_SOURCE MATERIAL_

______________________________

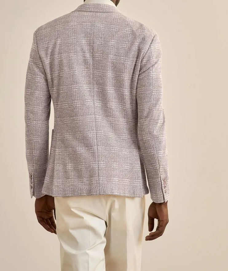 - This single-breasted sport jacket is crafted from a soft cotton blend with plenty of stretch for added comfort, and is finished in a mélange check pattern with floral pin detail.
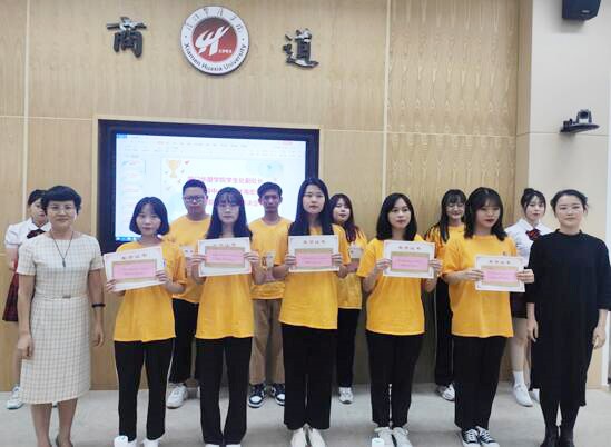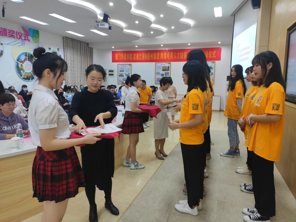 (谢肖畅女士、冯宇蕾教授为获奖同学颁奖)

______________________________

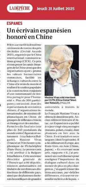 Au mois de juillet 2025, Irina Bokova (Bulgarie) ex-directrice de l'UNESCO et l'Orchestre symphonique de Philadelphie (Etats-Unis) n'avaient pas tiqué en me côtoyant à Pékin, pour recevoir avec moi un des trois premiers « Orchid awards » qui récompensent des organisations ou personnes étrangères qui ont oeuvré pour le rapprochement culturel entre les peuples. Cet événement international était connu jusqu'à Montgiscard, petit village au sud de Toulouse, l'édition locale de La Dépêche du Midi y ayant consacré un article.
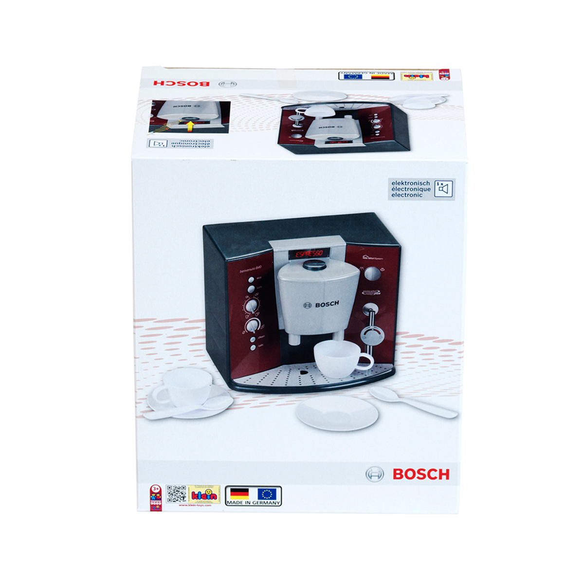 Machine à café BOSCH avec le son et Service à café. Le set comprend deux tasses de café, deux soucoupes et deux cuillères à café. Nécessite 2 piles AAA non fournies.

______________________________

_WHAT TO WORK ON_
In the data above, take the line with "- This single-breasted", the line with "(谢肖畅女士、冯宇蕾教授为获奖同学颁奖)", and every line between, and set them down exactly without pictures.

_ANSWER SECTION_
 - This single-breasted sport jacket is crafted from a soft cotton blend with plenty of stretch for added comfort, and is finished in a mélange check pattern with floral pin detail.
 (谢肖畅女士、冯宇蕾教授为获奖同学颁奖)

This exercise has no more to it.